Letter: Mountain State Fair’s dress code makes no sense

Graphic by Lori Deaton

In 2011, after 17 years of treating all attendees with friendliness, dignity and respect, the N.C. Mountain State Fair installed a large sign at its gate reading, “Shirt and Shoes Required.” The reason for this unwelcoming sign, as I found out later, was as absurd as anyone could possibly imagine.

When I inquired about why such a sign was installed, Matt Buchanan, the fair director, told me it was because they feared the recent “Go Topless Rally” in Asheville would influence women to come to the fair topless. (I still have his answer recorded from my answering machine.) …

To add a shoe requirement, for no good reason, to a shirt requirement that had a ridiculous reason, made no logical sense whatsoever.

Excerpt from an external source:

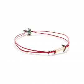 Arrow bracelet in 18k rose gold with rubies totaling 0.05ct on grey cord.

In this time of the continued COVID pandemic, a business or public facility requiring a mask to be worn makes perfect logical sense, because such a requirement is based on legitimate scientific and medical reasons: helping prevent the spread of a deadly virus. Yet, inexplicably, the fair does not require anyone to wear a mask.

Requiring shoes to be worn at such places — especially a public facility run by the state — has no logical scientific, medical or even legal basis and can only be based on the arbitrary personal prejudices and/or ignorance of those in control of such facilities.

As a person who lives barefoot for medical and other reasons, the continued current arbitrary and unnecessary dress code sign prevents me from attending the fair, but I had with no problems being barefoot there during the many years prior to the sign being posted.

This is a callous disregard of the rights of individuals to make harmless freewill choices of their lifestyle and/or personal attire.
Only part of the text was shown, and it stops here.